TASK REQUIREMENTS. Pictures stay out of the answer, but every line of the material must be restated exactly.

EXERCISE DATA.
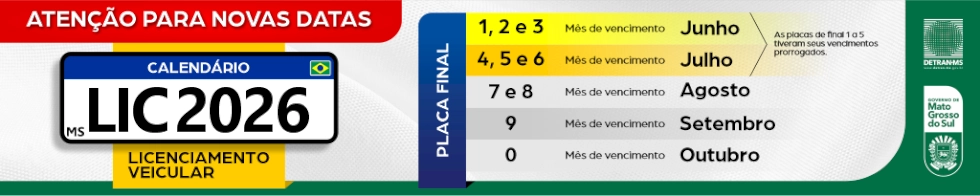 O Departamento Estadual de Trânsito de Mato Grosso do Sul (Detran-MS) publicou, na edição desta segunda-feira (13) do Diário Oficial do Estado, a Portaria nº 209/2026, que altera o calendário anual de licenciamento de veículos para o exercício de 2026.
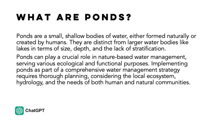 Ponds are a small, shallow bodies of water, either formed naturally or created by humans. They are distinct from larger water bodies like lakes in terms of size, depth, and the lack of stratification. Ponds can be utilised for nature-based water management for several reasons, such as water storage and retention, water quality management and biodiversity enhancement.
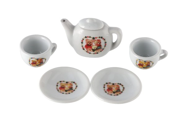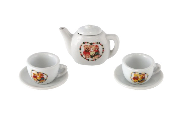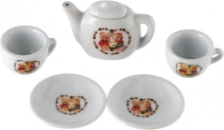 Zestaw zawiera czajniczek, filiżanki i spodki z uroczymi motywami misiów i zwierzątek, które zachwycają od pierwszego spojrzenia. Kompaktowe wymiary 18 × 11,5 × 3,5 cm ułatwiają przechowywanie i przenoszenie.
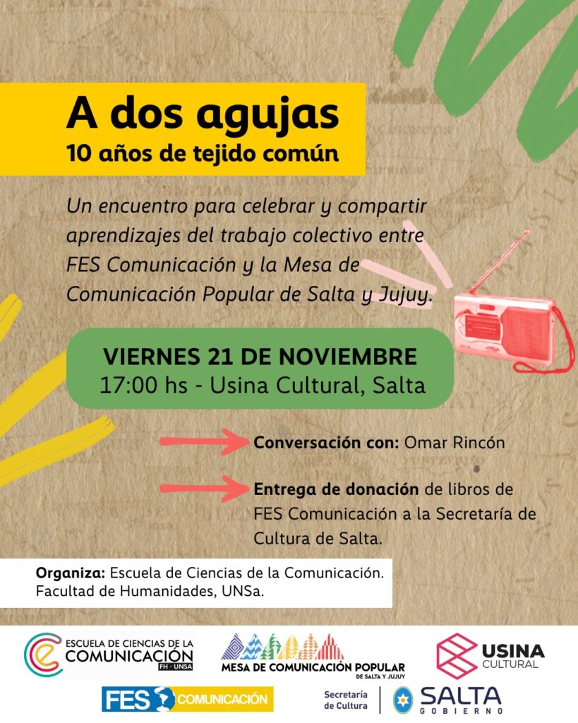 Desde la Escuela de Ciencias de la Comunicación por medio de la cátedra de Comunicación Popular y Alternativa de la Facultad de Humanidades de la Universidad Nacional de Salta, la Mesa de Comunicación Popular de Salta y Jujuy y el proyecto FES Comunicación de la Fundación Friedrich Ebert, invitan a la comunidad a participar del evento “A dos agujas: 10 años de tejido común”, un encuentro para celebrar una década de trabajo articulado en torno a la comunicación como derecho, la construcción colectiva y la soberanía comunitaria.

SOLUTION FOR THIS TASK.
 O Departamento Estadual de Trânsito de Mato Grosso do Sul (Detran-MS) publicou, na edição desta segunda-feira (13) do Diário Oficial do Estado, a Portaria nº 209/2026, que altera o calendário anual de licenciamento de veículos para o exercício de 2026.
 Ponds are a small, shallow bodies of water, either formed naturally or created by humans. They are distinct from larger water bodies like lakes in terms of size, depth, and the lack of stratification. Ponds can be utilised for nature-based water management for several reasons, such as water storage and retention, water quality management and biodiversity enhancement.
 Zestaw zawiera czajniczek, filiżanki i spodki z uroczymi motywami misiów i zwierzątek, które zachwycają od pierwszego spojrzenia. Kompaktowe wymiary 18 × 11,5 × 3,5 cm ułatwiają przechowywanie i przenoszenie.
 Desde la Escuela de Ciencias de la Comunicación por medio de la cátedra de Comunicación Popular y Alternativa de la Facultad de Humanidades de la Universidad Nacional de Salta, la Mesa de Comunicación Popular de Salta y Jujuy y el proyecto FES Comunicación de la Fundación Friedrich Ebert, invitan a la comunidad a participar del evento “A dos agujas: 10 años de tejido común”, un encuentro para celebrar una década de trabajo articulado en torno a la comunicación como derecho, la construcción colectiva y la soberanía comunitaria.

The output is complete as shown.